The first step is to increase access to collective bargaining. Ryan's release has highlighted the benefits, both to workers and employers, by having a robust system that allows collective bargaining to take place. Some of the direct solutions explored in obtaining more collective bargaining include: Repealing legislative changes that make it harder for workers to join unions and reinstate card-certification; expanding the policy of collective bargaining to all workers, by expanding the Trade Union Act; increase access to mediation and arbitration to both public and private sector workers; and overhauling the appointment process to the Labour Relations Board to ensure appointees have the full confidence of all parties.

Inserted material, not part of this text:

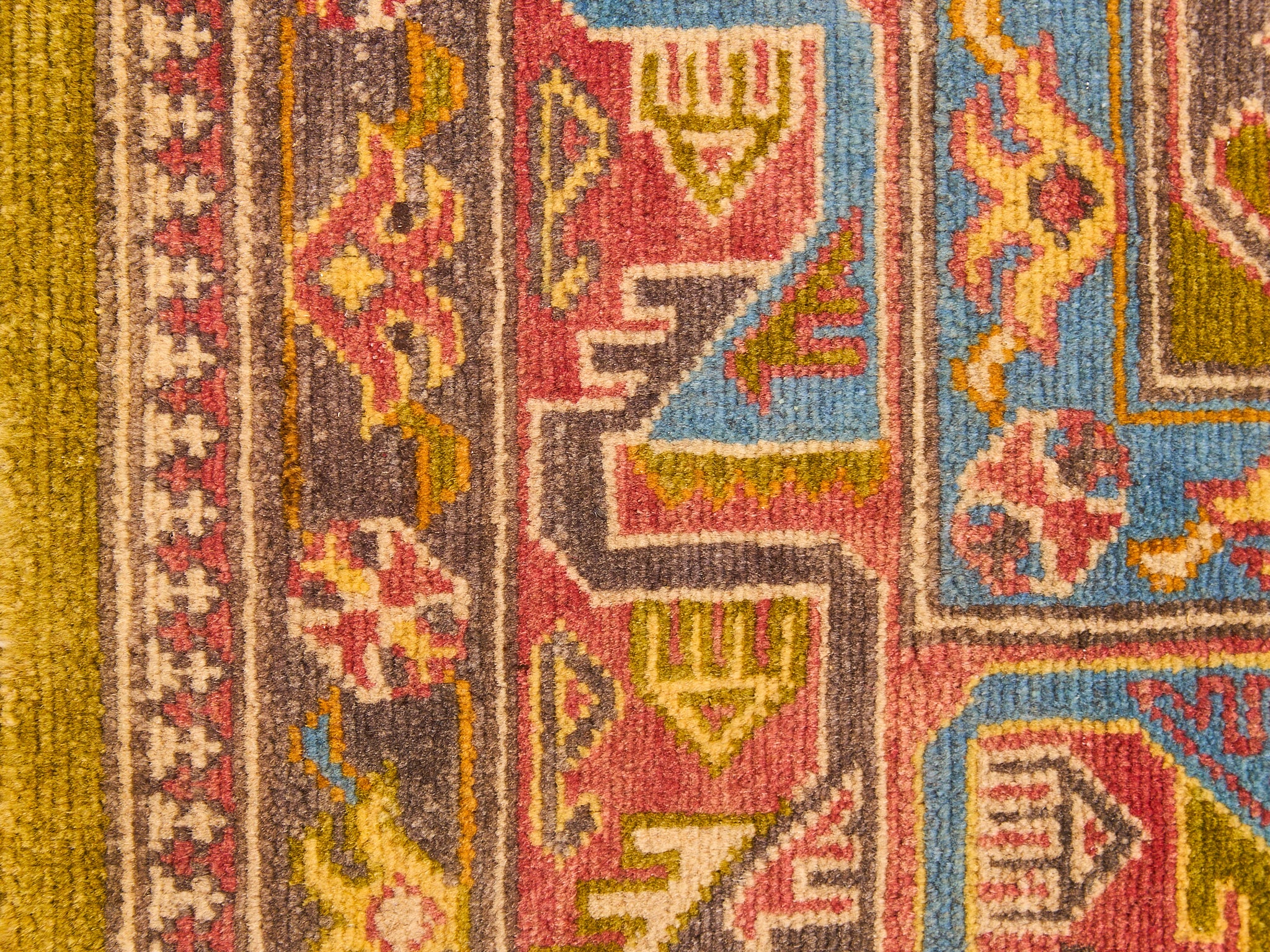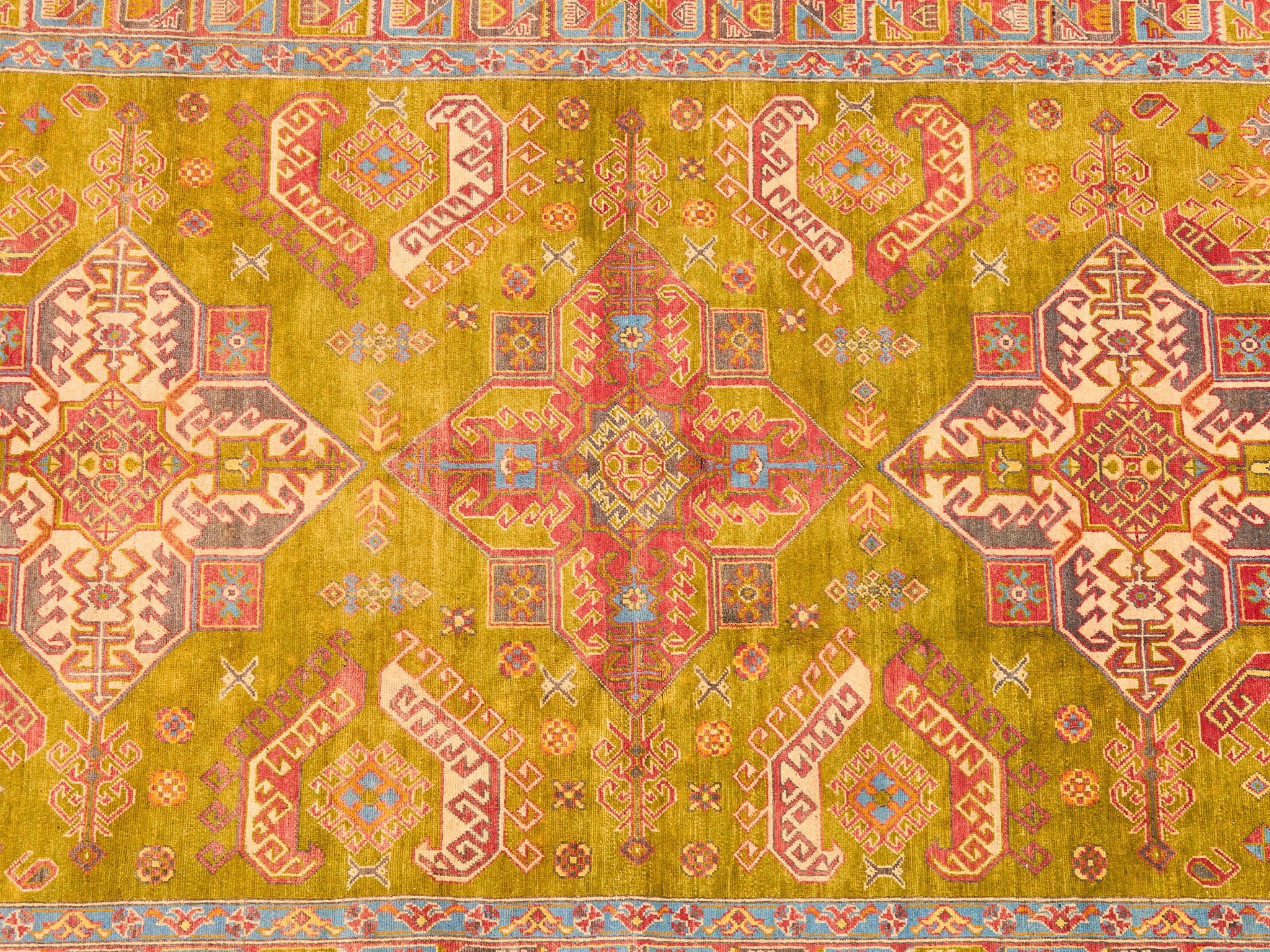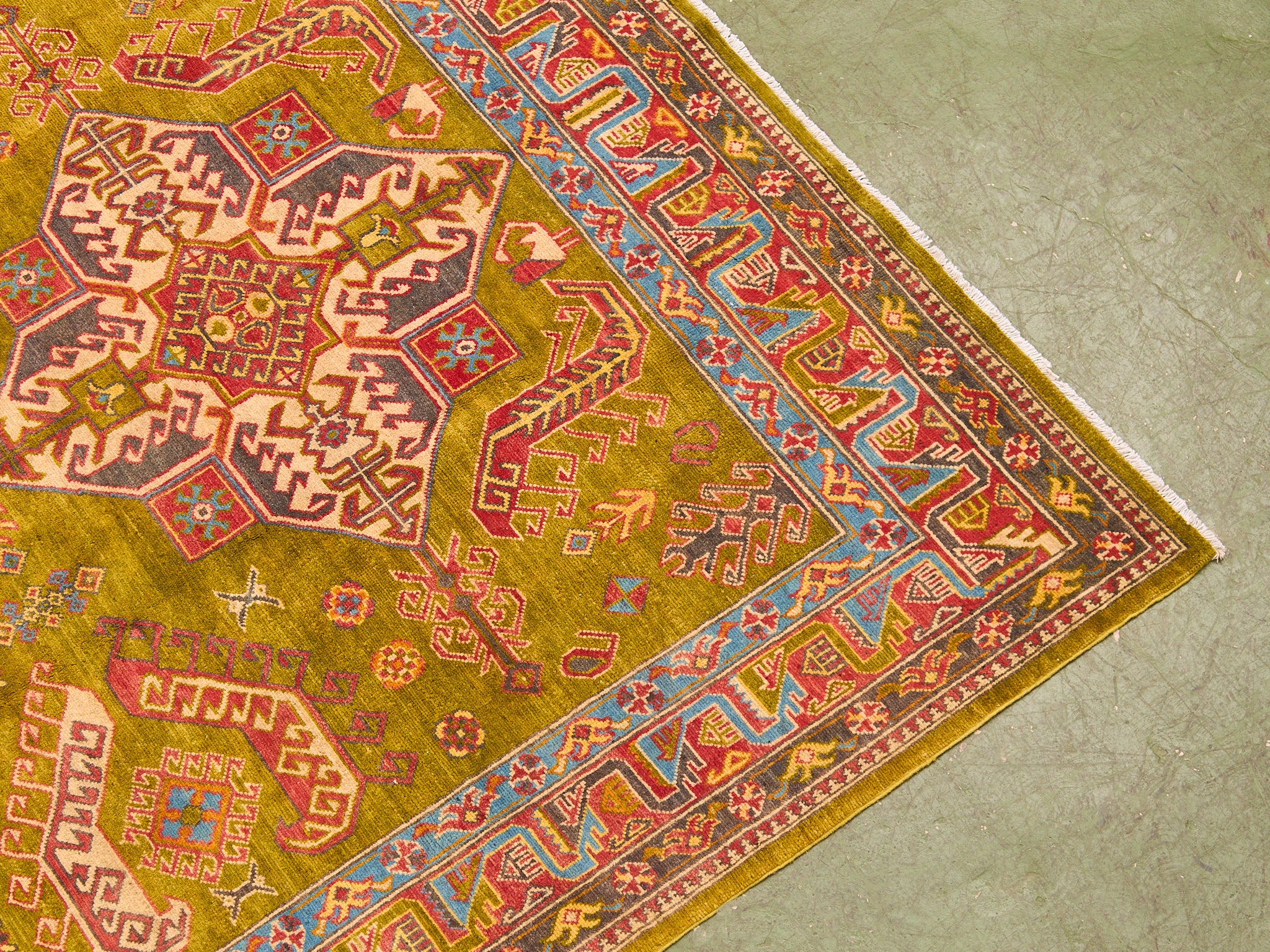 Antique Kazak Hand-loomed Rug Olive Green

The second step is to remove barriers to employment. Ryan's release bemoaned the reliance of 'precarious employment' that we've seen in the province, and has called for a community (business, public, labour, etc) to come together to find solutions to remove barriers to meaningful full time employment. Some of the solutions explored include: partnering with community organizations to create employment experience programs to help people transition into employment; working with First Nations, educational communities and post-secondary organizations to create a First Nations employment strategy; helping ease people on social assistance and disability into employment by ending benefit clawbacks and providing assistance with tuition, child-care, and other transportation allowances; ensure paid sick days for all Saskatchewan workers and a reasonable number of paid days off for personal emergencies; and create affordable childcare and early childhood education strategies.

The third step is to improve the balance between work and personal life. Ryan's release starts simply by declaring an adherence to the Decency Principle, that would ensure that no worker is being paid a wage that is insufficient to live on and is no subject to unfair working conditions (clawbacks of earned wages, or longer hours than reasonable). Some of the policy explorations in this area include: Amending the Labour Standards Act to ensure pay equality to women, First Nations, new Canadians, youth, and others; Reverse changes to the Saskatchewan Immigrant Nominee Program to allow people and their families to become permanent residents or citizens, not just temporary workers; Ensuring temporary workers receive fair wages, adequate housing, workplace protections, and other services; Indexing minimum wage to 120% of the low income measure, or another acceptable benchmark, to prevent workers from living in poverty; Expansion of the Labour Union Act, Worker's Compensation Act, and Occupational Health and Safety Act to all workers; Adequate resourcing to Labour Standards and Occupational Health and Safety Offices; and restoring the protection of human, and worker, rights by restoring an independent Human Rights Commission and Tribunal.

In addition to his release, Ryan picked up an endorsement from noted Regina Labour Law Lawyer Juliana Saxberg.

As per usual, looking at the information contained in the release, the one major plank that stands out to me is the community solutions to create employment experience for those looking to enter into the job market. I think there's a lot of room to expand on that idea, and to address some of the failures that have been taken on this front (I'm thinking especially of the government's GradWorks program for recent university grads) and make meaningful changes to help those transitioning from either learning, or time away from employment due to illness or disability, fully enter into the workforce.